Supplied records:
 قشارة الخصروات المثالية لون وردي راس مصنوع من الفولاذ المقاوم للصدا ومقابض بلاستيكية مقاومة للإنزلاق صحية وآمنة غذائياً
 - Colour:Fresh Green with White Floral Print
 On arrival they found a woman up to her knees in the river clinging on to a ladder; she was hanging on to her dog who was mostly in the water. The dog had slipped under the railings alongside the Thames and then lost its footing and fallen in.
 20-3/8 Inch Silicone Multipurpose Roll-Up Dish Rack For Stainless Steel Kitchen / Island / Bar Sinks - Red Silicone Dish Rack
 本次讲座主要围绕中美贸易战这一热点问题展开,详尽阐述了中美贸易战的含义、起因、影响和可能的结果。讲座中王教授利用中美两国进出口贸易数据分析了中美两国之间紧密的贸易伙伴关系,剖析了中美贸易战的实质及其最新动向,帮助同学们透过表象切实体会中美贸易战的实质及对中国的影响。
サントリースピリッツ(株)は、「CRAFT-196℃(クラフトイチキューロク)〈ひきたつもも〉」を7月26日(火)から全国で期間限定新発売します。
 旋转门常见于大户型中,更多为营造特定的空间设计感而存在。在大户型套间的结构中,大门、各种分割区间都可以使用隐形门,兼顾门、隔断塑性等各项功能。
* * *
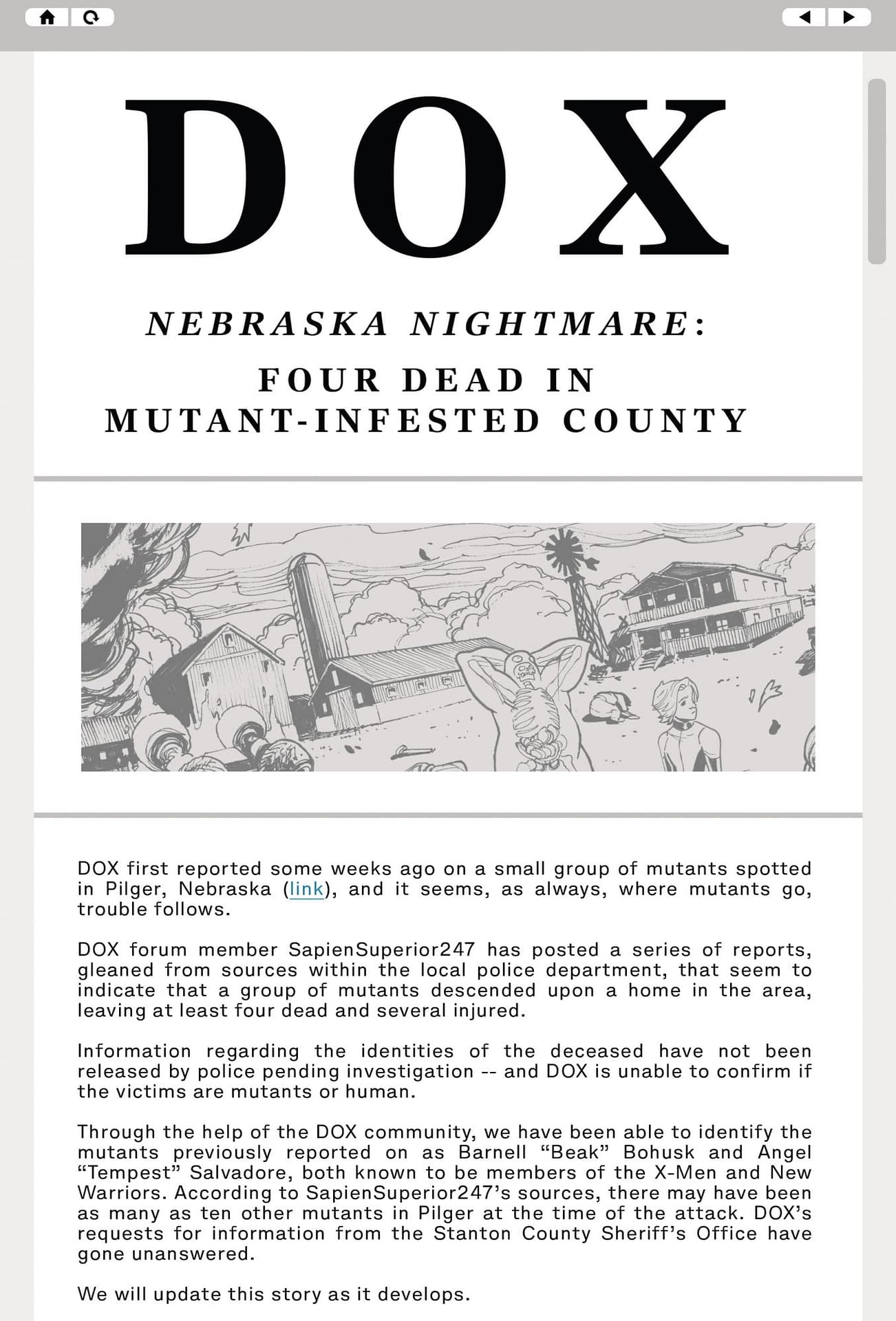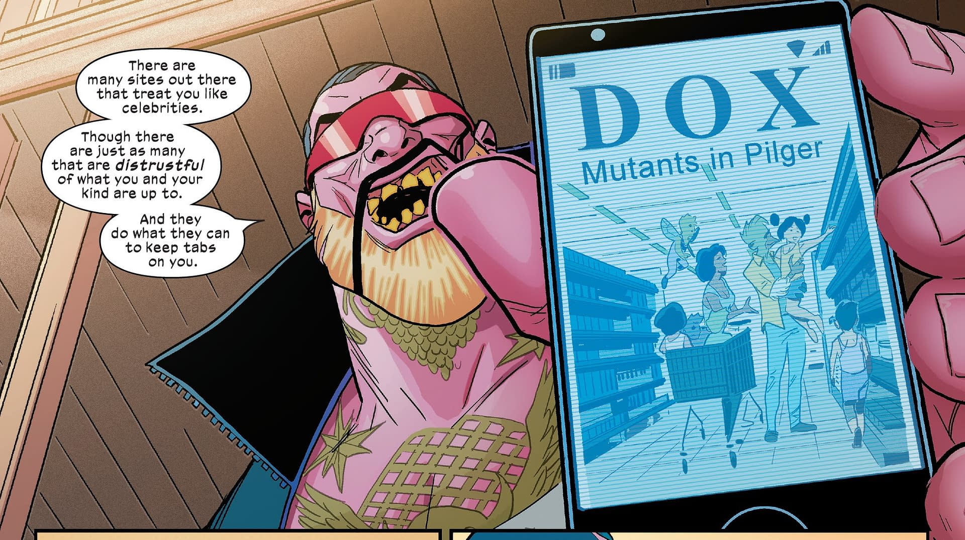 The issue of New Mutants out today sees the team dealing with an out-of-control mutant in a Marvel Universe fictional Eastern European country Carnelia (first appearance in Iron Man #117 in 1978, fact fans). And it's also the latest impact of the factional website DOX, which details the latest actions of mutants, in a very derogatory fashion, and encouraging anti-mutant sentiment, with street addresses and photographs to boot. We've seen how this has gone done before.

To do: Set down again, word for word, the stretch of records from the line with "サントリースピリッツ(株)は" to the line with "旋转门常见于大户型中,更多为", both of those lines included.

Final answer:
サントリースピリッツ(株)は、「CRAFT-196℃(クラフトイチキューロク)〈ひきたつもも〉」を7月26日(火)から全国で期間限定新発売します。
 旋转门常见于大户型中,更多为营造特定的空间设计感而存在。在大户型套间的结构中,大门、各种分割区间都可以使用隐形门,兼顾门、隔断塑性等各项功能。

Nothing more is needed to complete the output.